El mobbing o acoso laboral sigue estando a la orden del día de los tribunales, encargados de fijar finalmente las indemnizaciones que los trabajadores afectados cobrarán.
En este caso, la condena tiene lugar por el acoso laboral que sufría una de las ayudantes de cocina en una residencia de ancianos por parte del responsable de cocinas durante meses comentarios vejatorios, cuestionando su trabajo y obligándolas a realizar tareas en las que su trabajo se veía condicionado, pues se veían amenazadas.
En la demanda, la trabajadora expresaba su malestar por el trato que recibían de su superior, quien también menospreciaba a varias de sus compañeras faltándolas al respeto, generando estrés en las trabajadoras provocando que estas tuvieran que haber acudido a urgencias.
La trabajadora demás ya había pedido que se iniciara el protocolo de Prevención de Acoso Laboral pero la empresa respondió de manera insuficiente, únicamente gestionó los encuentros cambiando los horarios y la manera de elaborar los menús.
Pero todo ello no fue suficiente porque meses más tarde la trabajadora presentó una segunda queja acerca de la ineficacia de las medidas, terminando la trabajadora en una situación de tal malestar que entró en una situación de incapacidad laboral.
Los demandados, la empresa y el responsable de cocinas, fueron condenados al pago de 30.000 a la trabajadora.

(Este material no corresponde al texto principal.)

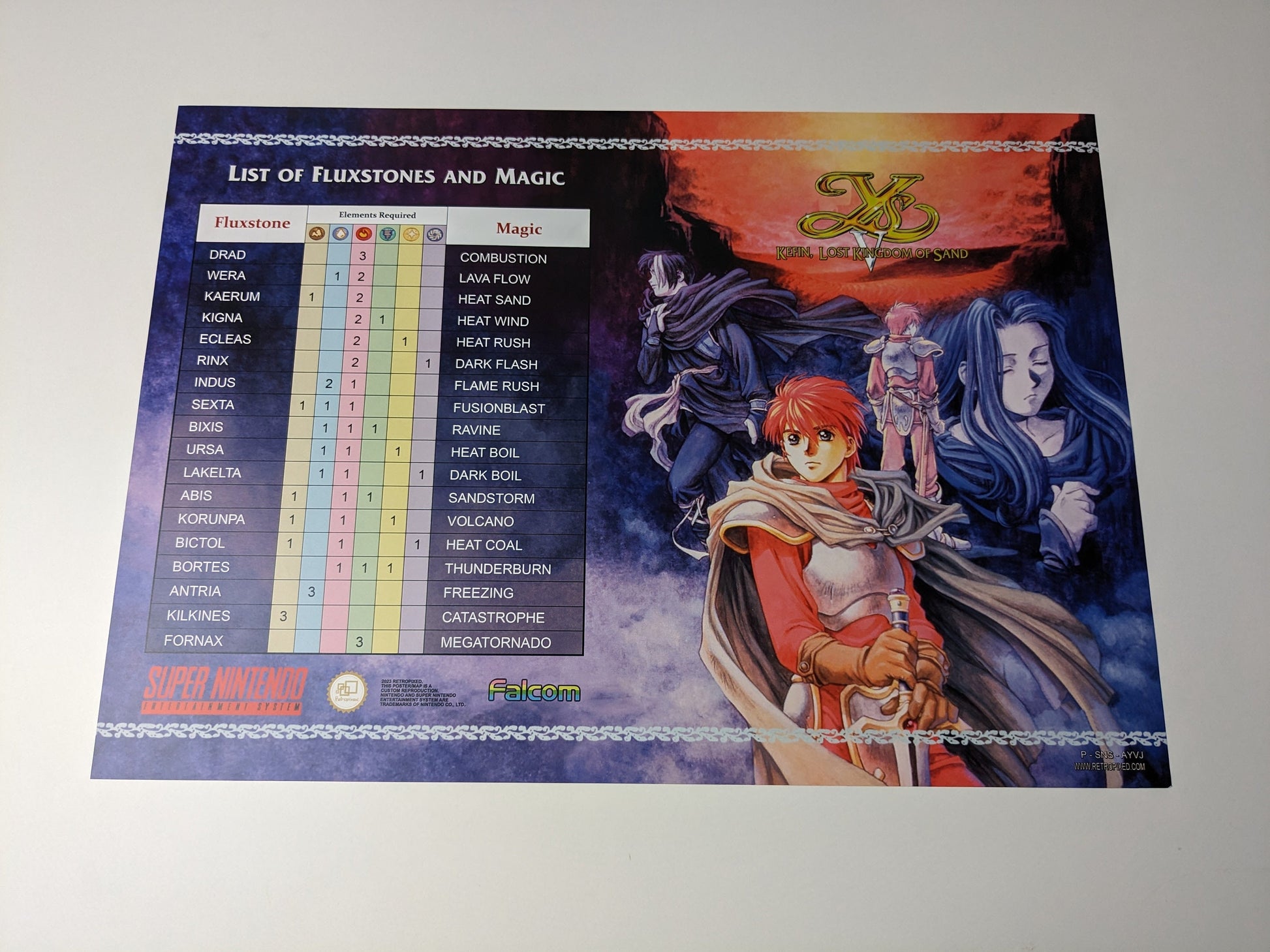 YS V Kefin, LOST KINGDOM OF SAND - Super Nintendo Poster/Map

En el ámbito político, el alcalde de Orense se vio condenado al pago de la misma cantidad de dinero al interventor municipal, que fue cesado en una actuación que el magistrado considera mobbing laboral.

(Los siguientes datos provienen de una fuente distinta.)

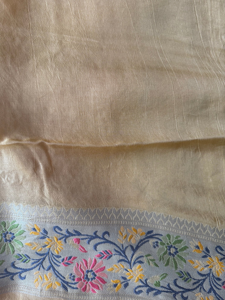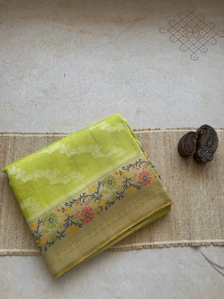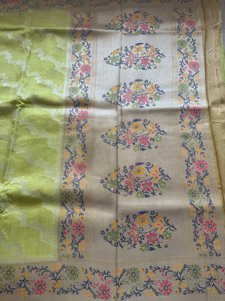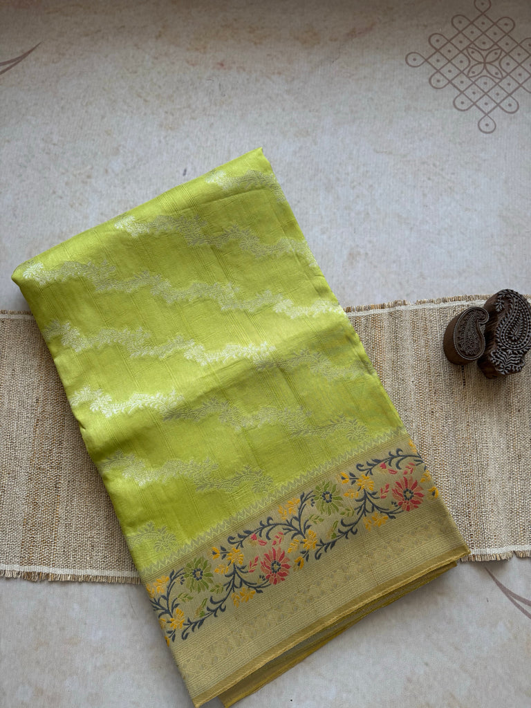 Elevate your ethnic wardrobe with this captivating Pear Green Matka Tussar Banarasi Saree. The saree features an all-over silver zari jaal pattern that adds a graceful sheen to the soft, lustrous body. A contrasting beige border, enriched with exquisite meenakari detailing and fine zari work, lends an aura of timeless sophistication. The addition of a stitched selvedge enhances durability while giving a clean, refined edge. This saree is paired with a coordinated blouse piece, designed with a matching beige color with meenakari border on the sleeves, ensuring a cohesive and elegant look for any special occasion.

Un profesor de Derecho señala que la cuantía puede que sea excesiva, pero, teniendo en cuenta diferentes factores como la comisión de un delito como es el mobbing que provoca daños psíquicos en el trabajador, como ha sido en este caso que la trabajadora deja ver su malestar mental por los estados de ansiedad.

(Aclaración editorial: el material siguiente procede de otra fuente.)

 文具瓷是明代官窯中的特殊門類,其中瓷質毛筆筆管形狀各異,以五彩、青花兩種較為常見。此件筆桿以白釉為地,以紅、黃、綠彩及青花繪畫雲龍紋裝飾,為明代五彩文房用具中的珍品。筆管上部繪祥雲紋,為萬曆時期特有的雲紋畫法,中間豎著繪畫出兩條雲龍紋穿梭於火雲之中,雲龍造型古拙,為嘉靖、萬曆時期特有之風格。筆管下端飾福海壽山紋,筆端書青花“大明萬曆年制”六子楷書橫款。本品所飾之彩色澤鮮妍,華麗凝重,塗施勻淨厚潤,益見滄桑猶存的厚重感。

Además, las medidas que tomó la empresa no sirvieron de prevención contra el acoso.
La cantidad no es una habitual, pero en el caso de indemnizaciones de acoso laboral es habitual que varíen debido a las circunstancias y factores de cada caso, como puede ser la antigüedad, la duración de la vulneración, la intensidad del daño, las consecuencias personales y sociales, reincidencia y el contexto de los hechos.
El tribunal superior analizó las obligaciones de la empresa en materia de prevención de riesgos laborales, tal como establece el artículo 16.2 de la Ley de Prevención de Riesgos Laborales (LPRL).
La ley dice que si se produce un daño a la salud de los trabajadores o se detectan indicios de insuficiencia en las medidas preventivas, el empresario debe investigar para identificar las causas.
Aunque la empresa activó el protocolo de acoso, esto no fue suficiente para cumplir con sus obligaciones preventivas si las medidas resultaron insuficientes y la empresa actuó con pasividad. En este caso concreto, la indemnización solicitada en demanda y reconocida en la sentencia se encuentra dentro del nivel medio de la horquilla prevista en el grado máximo según la Ley sobre Infracciones y Sanciones en el Orden Social.